Friday, August 5, 2011

the unusual poet and a book about a dying teacher


Two unusual scholars have gifted me two unusual books. both these scholars are elderly, both are bengalis and both are connected to EFLU. i don't know how and why they have picked me as their friend but that they have is my biggest fortune. i like meeting people at various stages of their evolution and these two scholars are in their own devastated way at a stage of evolution when enthusiasm is the biggest life force. without the enthusiasm they might just give up, fall flat, look for meaning in a Hiroshima after the atom bomb. 
their enthusiasm for life and literature reminds of my graduation days when i thought i might end up as another Rushdie any day. their energy to read and absorb literature is rare in India where half way through you give up studying literature and look for call centre jobs. 
it strikes me suddenly that the lives of these scholars are other way round. i mean generally we study and after that we look for a job. but my two friends gave up their jobs when they were 35 or 40 to start studying anew. 
i find this amazing. i find this urge to renew oneself, to at least to make an effort at reclaiming the residual aesthetic sense in you, to at least make an attempt at putting the clock back, unrusting yourself , a superb habit. 


sajalda in my room
first let me tell you something about Sajal Dey. he had been a medical representative with established pharmaceutical companies in india. he gave up his job to study russian in EFLU. now he is in shantiniektan doing a phd. by the way he is domiciled in shantiniketan and his wife is a professor of Viswa Bharati.

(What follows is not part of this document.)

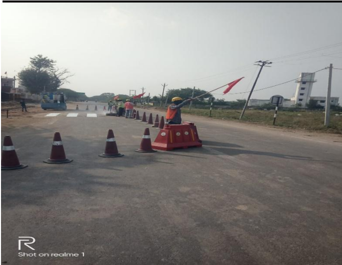
Table top faded road marking repainting is in progress at Ch. 118+925 with safety arrangements

my second friend is Kingsuk Basu whom i met few days ago while having my lunch at the mess. he had been a globe trotting software consultant. now he is going to complete his M.A. in Spanish at EFLU through distance mode. he lives with his wife (a French teacher) in Kolkata.


Sajalda is a poet. i have his book of short poems. i like his sense of rhythm. i like the sudden drama in his momentary ideas. he has published the book with lot of care. the care of a passionate man. he also gave me Tuesdays with Morris by Mitch Albom. here an old sociology professor and his favourite student talk about love, compassion and friendship. the professor is dying and the student is accompanying him to his journey towards his end. their sympathy for each other constantly  reminds me of the love we lack.


Dag hammarskjold
Kingsukda  loves to read poetry. i remember to have discussed Rilke's Duino Elegies the first day we met. impressed, he had handed me a thesis he had xeroxed somewhere on chinese poetry edited by ezra pound. i confess i have not read it yet. probably i am afraid of connecting myself to poetry. i confess i have been too poetic for a long time. i confess i don't want to relive the emotional miseries poetry brought for me. 
kingsukda has also introduced me to Dag Hmmarskjold, a swedish diplomat who kept a personal diary. The rescuers found the diary clung to the dead body of Dag after a plane crash which killed this remarkable man. he was a UN diplomat running across the world looking for possible solutions to battles in Arab-Israel and Africa. Kingsukda wanted me to read his diary (published and edited by an eminent poet) to understand the gloominess in the movies of Bergman. "Since Bergman was also Swedish you'll find similarities in their gloomy vision," Kingsukda said. "I know about Sweden and i know how hard living can be under the snow. it's too much of  melancholy," he would add. 


i still don't like bergman but i like Dag's poems because his fears, anxieties, momentary philosophies are like our own. a man desperately trying to pursue the world to come to some sense and then losing out, yet smiling and then waking up in the morning and saying hello to himself in the mirror, the first thing in the morning. his poems are like the vaporized guilt of a diplomat.